▶ **About this task**: From the records below, set down exactly the lines starting with the line that contains "Тумба с раковиной" and going on through the line that contains "View of automobiles". Nothing else is wanted.

▶ **Supplied information**:
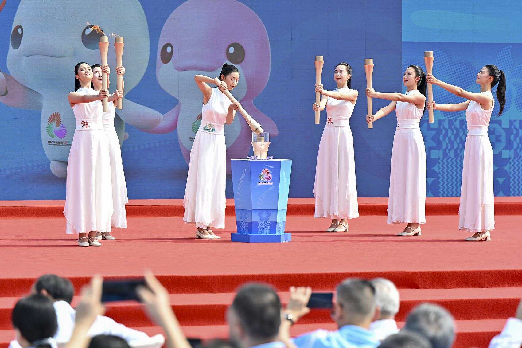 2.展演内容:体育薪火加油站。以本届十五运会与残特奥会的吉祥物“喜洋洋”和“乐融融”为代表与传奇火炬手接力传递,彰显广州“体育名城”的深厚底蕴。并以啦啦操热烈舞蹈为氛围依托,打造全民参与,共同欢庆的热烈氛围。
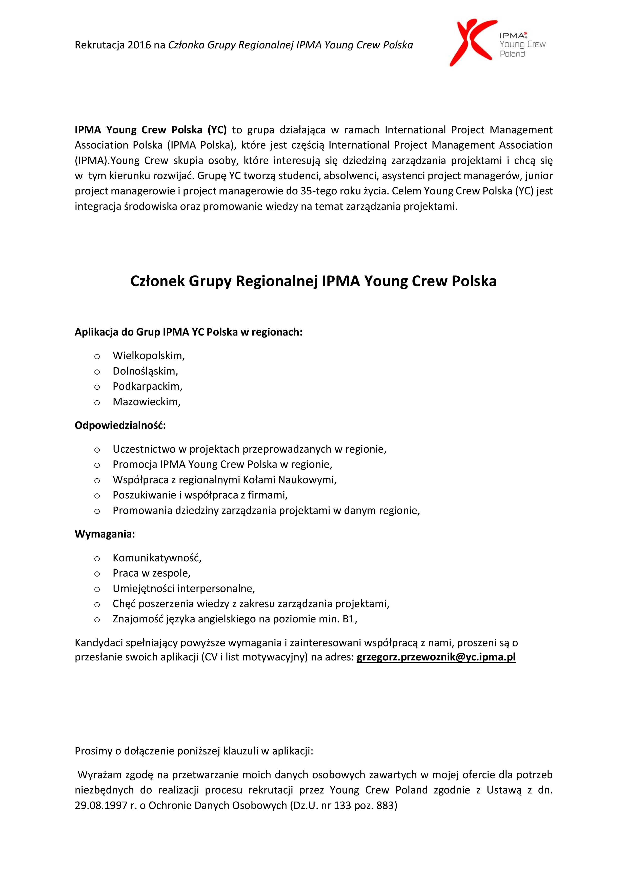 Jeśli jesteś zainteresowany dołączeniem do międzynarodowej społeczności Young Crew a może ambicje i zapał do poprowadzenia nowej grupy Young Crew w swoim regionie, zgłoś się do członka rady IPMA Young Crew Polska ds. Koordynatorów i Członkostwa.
...
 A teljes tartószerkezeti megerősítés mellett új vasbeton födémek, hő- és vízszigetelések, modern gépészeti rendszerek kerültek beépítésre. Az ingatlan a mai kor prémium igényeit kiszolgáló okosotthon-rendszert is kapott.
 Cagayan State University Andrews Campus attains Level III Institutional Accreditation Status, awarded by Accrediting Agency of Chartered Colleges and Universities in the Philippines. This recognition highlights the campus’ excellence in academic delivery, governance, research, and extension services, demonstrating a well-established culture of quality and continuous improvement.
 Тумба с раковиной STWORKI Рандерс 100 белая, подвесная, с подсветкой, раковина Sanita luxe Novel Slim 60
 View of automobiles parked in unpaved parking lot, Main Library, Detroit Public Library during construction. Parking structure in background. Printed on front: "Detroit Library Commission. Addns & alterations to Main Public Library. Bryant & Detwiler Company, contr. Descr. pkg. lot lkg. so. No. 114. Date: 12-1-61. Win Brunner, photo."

▶ **Written solution**:
 Тумба с раковиной STWORKI Рандерс 100 белая, подвесная, с подсветкой, раковина Sanita luxe Novel Slim 60
 View of automobiles parked in unpaved parking lot, Main Library, Detroit Public Library during construction. Parking structure in background. Printed on front: "Detroit Library Commission. Addns & alterations to Main Public Library. Bryant & Detwiler Company, contr. Descr. pkg. lot lkg. so. No. 114. Date: 12-1-61. Win Brunner, photo."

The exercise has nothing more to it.